PROBLEM: Quote these lines exactly: the one that holds "一方で注目すべきは平均単価の" and every line after it to the end of the material below. Skip pictures.

AVAILABLE DATA:
+++

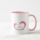 Uma caneca floral de aquarela com a inspiradora citação "Mãe Vida Melhor". Adicione seu nome ou o nome de sua mãe favorita para criar um presente personalizado e pensativo. Belamente desenhada com sotaques de rosa, lavanda e ouro, esta caneca personalizada faz um presente perfeito para o Dia das Mães, aniversários, ou qualquer dia que você queira celebrar a mãe.
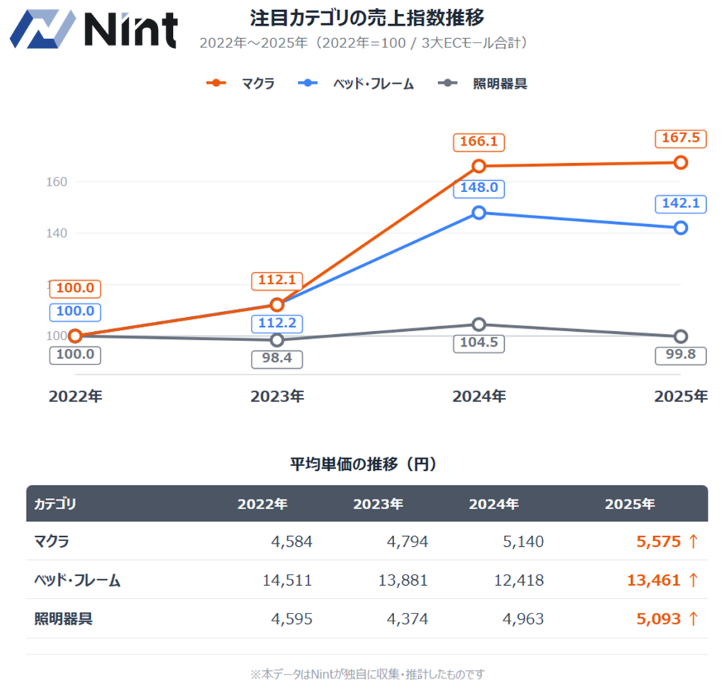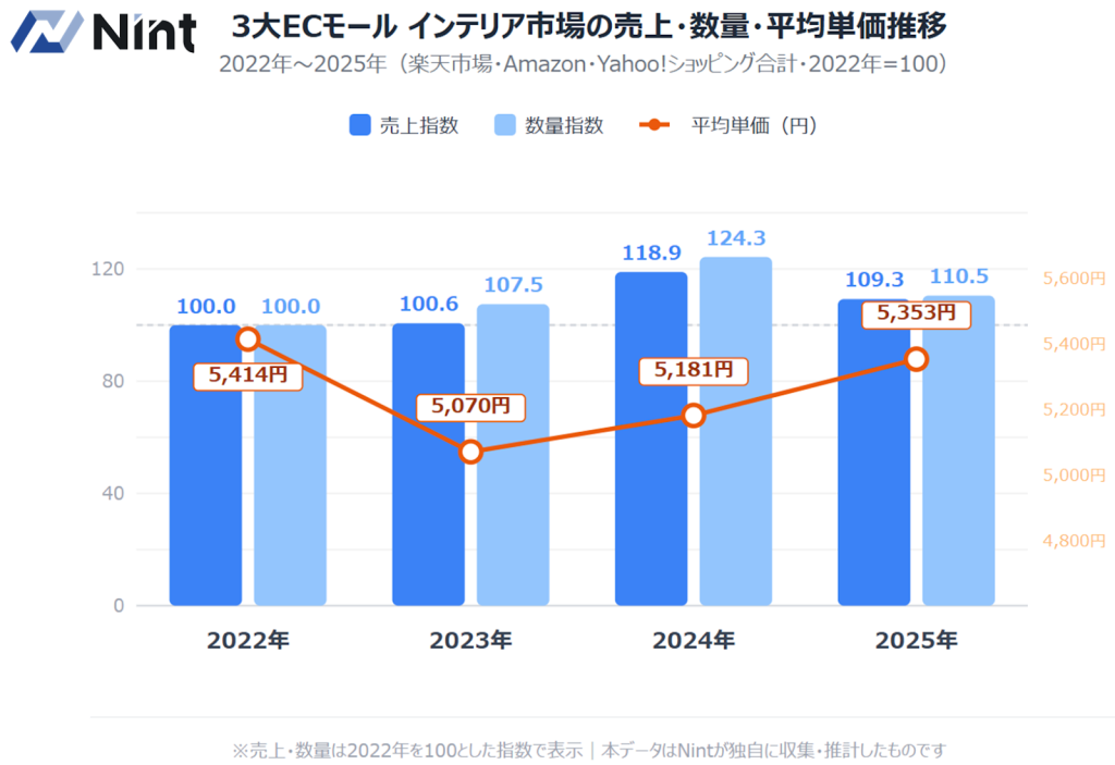一方で注目すべきは平均単価の動きです。インテリア全体の平均単価は2022年の5,414円から2023年に5,070円へと下落したものの、2024年は5,181円、2025年は5,353円と回復傾向が鮮明になっています。
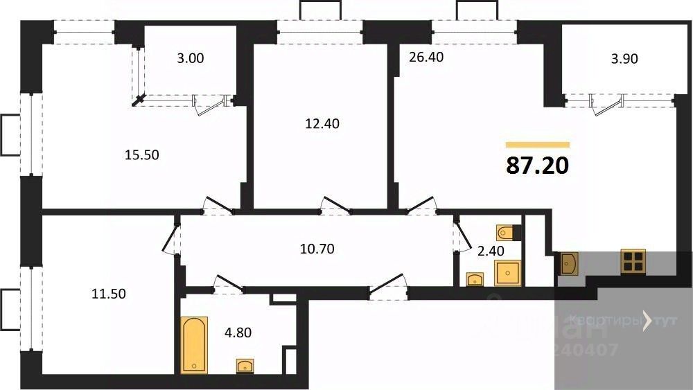 Квартира: 3 к 87,20 кв.м., 4 этаж в комплексе Ключи CLUB, 3 очередь, корп.3, сдача: 3кв. , этажей: 14, адрес Воронеж г., Остужева ул., д. 52/5, Застройщик: Новый код.

+++

RESPONSE TO THE TASK:
一方で注目すべきは平均単価の動きです。インテリア全体の平均単価は2022年の5,414円から2023年に5,070円へと下落したものの、2024年は5,181円、2025年は5,353円と回復傾向が鮮明になっています。
 Квартира: 3 к 87,20 кв.м., 4 этаж в комплексе Ключи CLUB, 3 очередь, корп.3, сдача: 3кв. , этажей: 14, адрес Воронеж г., Остужева ул., д. 52/5, Застройщик: Новый код.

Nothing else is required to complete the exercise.